Elles pourront bénéficier de financements privés et/ou publics pour se développer et imaginer les services de demain. La structure SEB Alliance, à la fois instrument de veille technologique et fonds d’investissement, créée en 2011, a notamment vocation à y participer. Nous avons pris récemment une participation dans Chef Jérôme.

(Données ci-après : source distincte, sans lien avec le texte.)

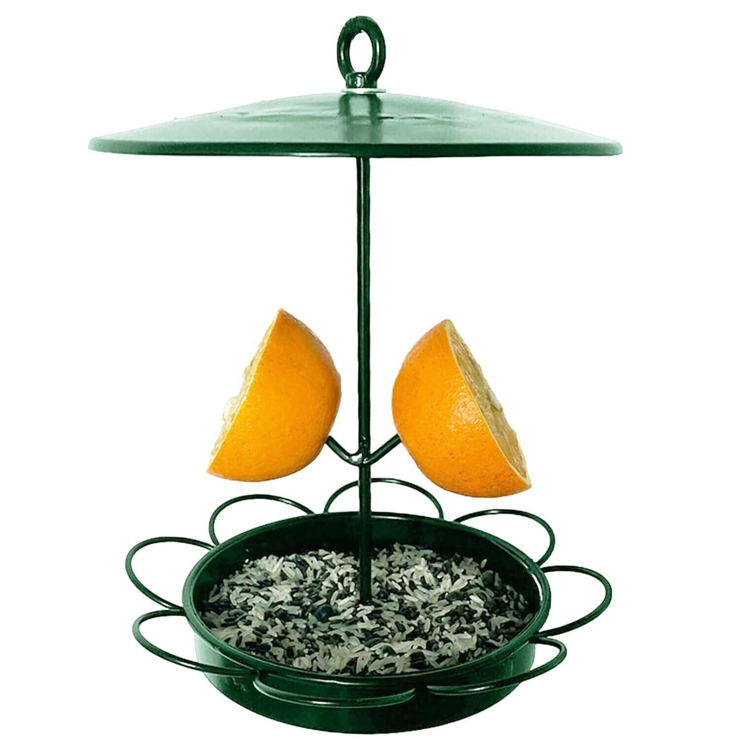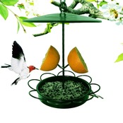 鳥の餌箱 バードフィーダー 野鳥の餌箱 鳥の給餌トレイ 鳥愛好家に最適! フック付き 果物をフックに吊るして餌を与えることができます! (グリーン)
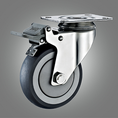 Stainless Steel Caster Series - Medium Duty TPR (Round) Top Plate Caster - Total Lock

Son créateur, Antoine Durieux, a conçu une interface dite de « panier de course », qui permet de transformer les recettes de tout site Internet en un panier directement connecté avec des enseignes de distribution alimentaire en ligne comme Auchan ou Casino.

 

Lancé fin 2012, le Cookeo est-il le premier appareil « intelligent » commercialisé par SEB ?
Cookeo marque une étape supplémentaire dans l’écosystème numérique de la cuisine que nous voulons bâtir. C’est, en effet, le premier appareil de cuisson intégrant une liste d’ingrédients et cinquante recettes de cuisine accessibles en trois clics : plus besoin de choisir tel ou tel programme de cuisson, l’appareil pilote tout pour vous selon le plat que vous souhaitez préparer et vous guide pas à pas. D’ici à un an, nous lancerons des livres de recettes complémentaires, sous forme de clés USB, qui permettront d’enrichir la liste des préparations possibles avec cet appareil.

 

Vous irez encore plus loin, j’imagine ?
Certes. La phase suivante, programmée d’ici deux à trois ans, consistera à rendre le système encore plus lisible et à cuisiner dans Cookeo toutes les recettes que les utilisateurs auront réunies dans leur classeur numérique en ligne, Le Foodle.com. Cette plateforme permettra également de récolter les avis de consommateurs sur leur façon de cuisiner. L’appareil adaptera la recette à votre profil de goût et de santé, et au type de cuisson voulu. Cela signifie qu’il y aura une communication entre le software et le hardware et, qu’en plus, le software aura fait ce travail d’adaptation préalable à votre profil.

 

Plus largement, comment le groupe joue-t-il la carte du numérique ? Qu’en est-il, par exemple, des « apps » que vous lancez ?
Le numérique présente de nombreuses opportunités que nous explorons aussi par le développement d’applications mobiles. Comme, par exemple, Mon Actifry, un livre de recettes multimédia enrichi en vidéo et conseils d’utilisation. De n ombreuses initiatives sont initiées par les équipes marketing digital pour mieux promouvoir nos marques et nos appareils, à l’instar de la Tefal Channel sur YouTube.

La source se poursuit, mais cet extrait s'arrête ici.